Перекоп - Гончар Олесь - Страница 70
- Предыдущая
- 70/102
- Следующая
— Было это, помнится, — спокойно рассказывал Ткаченко, — в пасхальные дни в селе Кузькино Самарской губернии. Как раз на кладбище крестьяне поминки справляли, и наши хлопцы, забежав сюда, стали, как цыгане, хватать у теток из рук куличики и крашеные яйца. Пришлось выставить часовых с винтовками для охраны порядка на кладбище. За эту услугу поп выделил из панихидных калачей и для наших часовых кое-что, да только они, начав дележку, не помирились между собой и подняли такую ругань в бога и Христа, что поп бежал с кладбища, оставив все свои куличи. Вот смеху-то было!.. А вечером офицеры велят нам занимать позицию — позицию против красных, которые стояли в соседнем татарском селе. Вот тут и показал себя наш имени Тараса Григорьевича курень! По своим стрелять? Не будем! Все сотни разом взбунтовались, офицеров, которые лютее, подняли на штыки, а сами — шагом арш! — с красными знаменами туда, к своим.

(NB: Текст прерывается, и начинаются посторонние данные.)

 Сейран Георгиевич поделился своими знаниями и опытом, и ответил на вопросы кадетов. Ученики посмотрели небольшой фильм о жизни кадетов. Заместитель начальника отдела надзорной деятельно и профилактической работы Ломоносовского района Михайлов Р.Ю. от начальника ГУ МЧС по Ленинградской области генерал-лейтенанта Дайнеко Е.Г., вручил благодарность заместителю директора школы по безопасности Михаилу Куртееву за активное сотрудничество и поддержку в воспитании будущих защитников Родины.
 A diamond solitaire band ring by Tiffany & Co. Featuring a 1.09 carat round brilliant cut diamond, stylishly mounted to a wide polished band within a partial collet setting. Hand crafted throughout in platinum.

— Так что и на консерву ихно не позарились? — смеялись бойцы.
А взводный Старков, наклонившись к Яресько, объяснил:
— Это Колчак все заманивал нас к себе американской консервой. Бывало, как сыпанет на головы с аэропланов листовок да банок с консервами: у вас там, дескать, голодуха, «и-го-го» едите, а у меня, мол, жизнь райская… А мы консерву поедим, листовку скурим и снова: «Марш, марш вперед, рабочий народ!..»

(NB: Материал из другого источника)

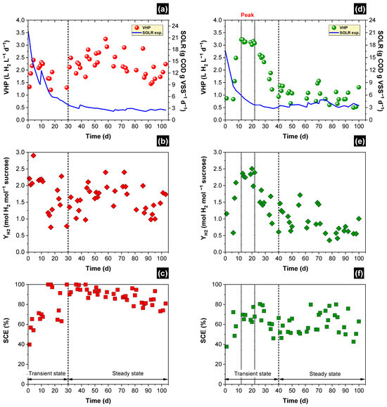Hydrogen production and sucrose conversion in the packed-bed and structured-bed reactors: (a,d) volumetric hydrogen production (VHP) and specific organic load rate (SOLR), (b,e) hydrogen yield (YH2), and (c,f) sucrose conversion efficiency (SCE).
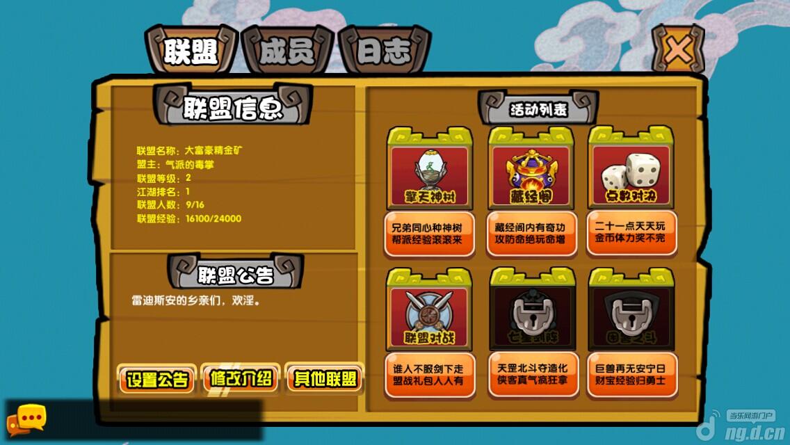 联盟藏经阁:玩家可以消耗帮派贡献提升绝学,为全部上阵侠客提供属性加成。
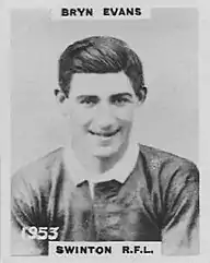Bryn Evans (25 November 1899 – 10 July 1975) was an English professional rugby league footballer who played in the 1920s and 1930s. He played at representative level for Great Britain, England and Lancashire, and at club level for Swinton, as a stand-off, or scrum-half, i.e. numbers 6 or 7.[1]
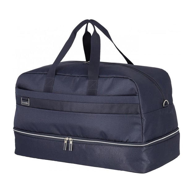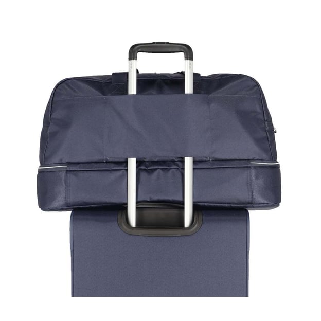 Travelite Miigo Navy (синяя, 58 литров) - практичная дорожная сумка для разных поездок. Наружный материал и подложка изготовлены из переработанного полиэстера (R-PET). Волокна R-PET в этих материалах из сертифицированных переработанных пластиковых отходов, затем используются для создания текстиля. Сумка имеет отдельное бельевое отделение, которое позволит вам упорядочить свои вещи и отделить чистую и грязную одежду. На лицевой стороне есть дополнительный карман на молнии, куда можно положить полезные аксессуары. Сумку можно закрепить на ручке чемодана. Крепкие удлиненные ручки позволяют переносить сумку в руках, а съемный ремень – на плечах.
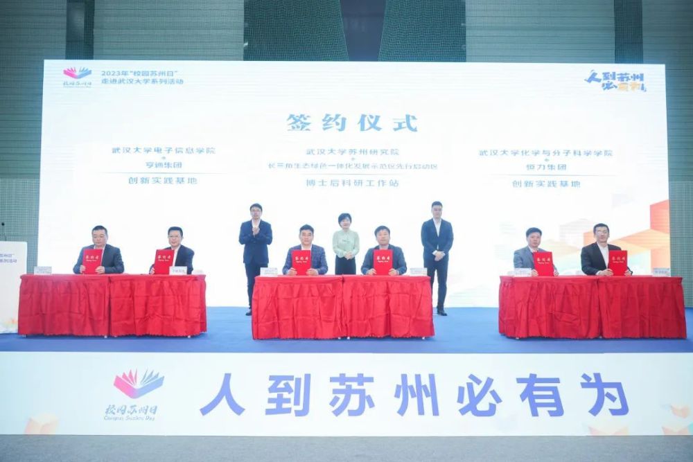 活动现场,汾湖高新区与武汉大学苏州研究院签约打造长三角生态绿色一体化发展示范区先行启动区博士后工作站,恒力集团、亨通集团分别与武汉大学化学与分子科学学院、电子信息学院签约设立创新实践基地。
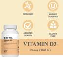 BRIYO Vitamin D3 1000 IU - 90 Softgels For Bone Health and Immune Support (90 No)
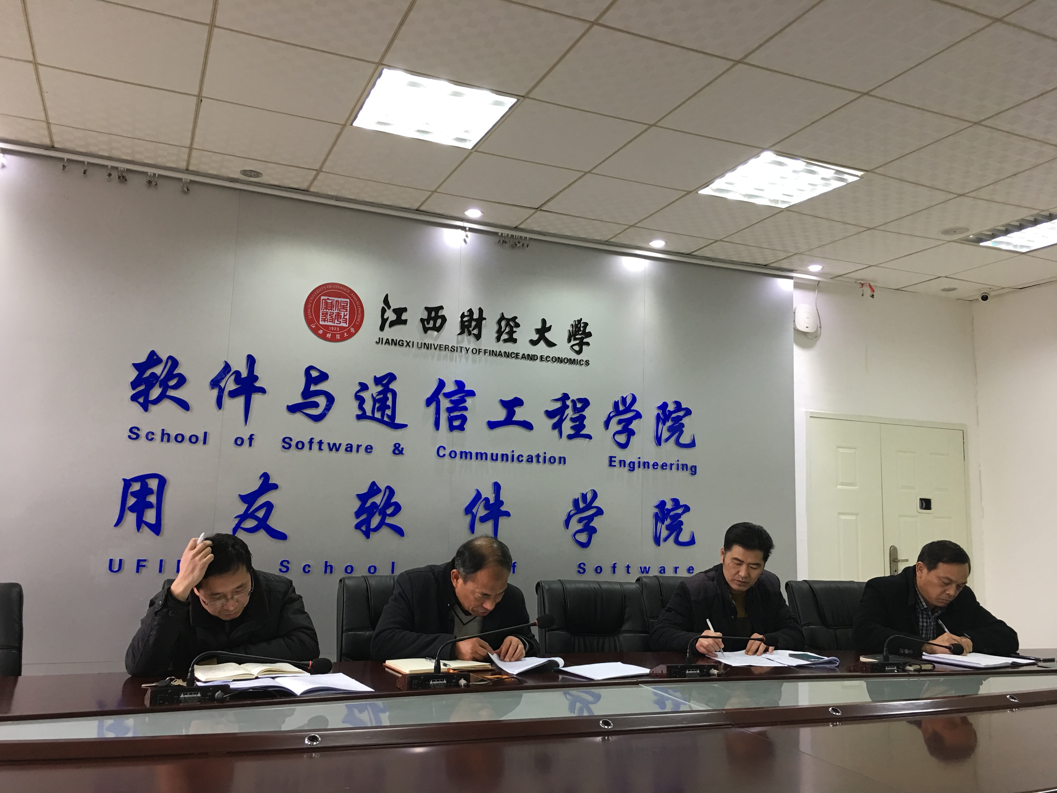 12月14日上午9:30,软件学院在学院大会议室召开全体行政人员会议,传达上级有关会议精神,布置省综治考评迎检迎评准备工作,党委书记姜红仁、党委副书记彭敏、副院长黄茂军、副院长易润水以及全体行政人员参加了会议。

Яресько уже знает о Старкове, кто он такой и откуда: пока тот бегал за дынями, товарищи рассказали о нем. Сын шахтера и сам шахтер с кизеловских шахт, тех самых, где дивизия зарождалась. Еще подростком бросился «в кипящий котел революции». Рассказывали, как он, этот невидный собой Старков, во время одного тяжелого боя в сибирских болотах выручил целый батальон, добровольно вызвавшись прикрывать его пулеметом… Яресько, глядя на него, думал: «Хорошо бы иметь такого товарища в бою». По всему видно, любят его во взводе. Даже старшие по возрасту безоговорочно слушаются его, но слушаются, чувствуется, не только потому, что он командир над ними — дружат они между собой, взводный и его подчиненные. Для каждого из них Старков — и командир, и близкий человек. Если надо по делу кого послать, то прикрикнет и поторопит, а если нужно, то и сам за дынями для товарищей сбегает… Ростом невысок, но такой живой, такой ловкий крепыш, что вряд ли и двое с ним справятся — выскользнет, увернется из рук. Лицо худощавое, глаза синие, как у девушки. Просто удивительно, как это у человека, выросшего на шахтах, под землей могут быть такие нежные, такие небесно-синие глаза…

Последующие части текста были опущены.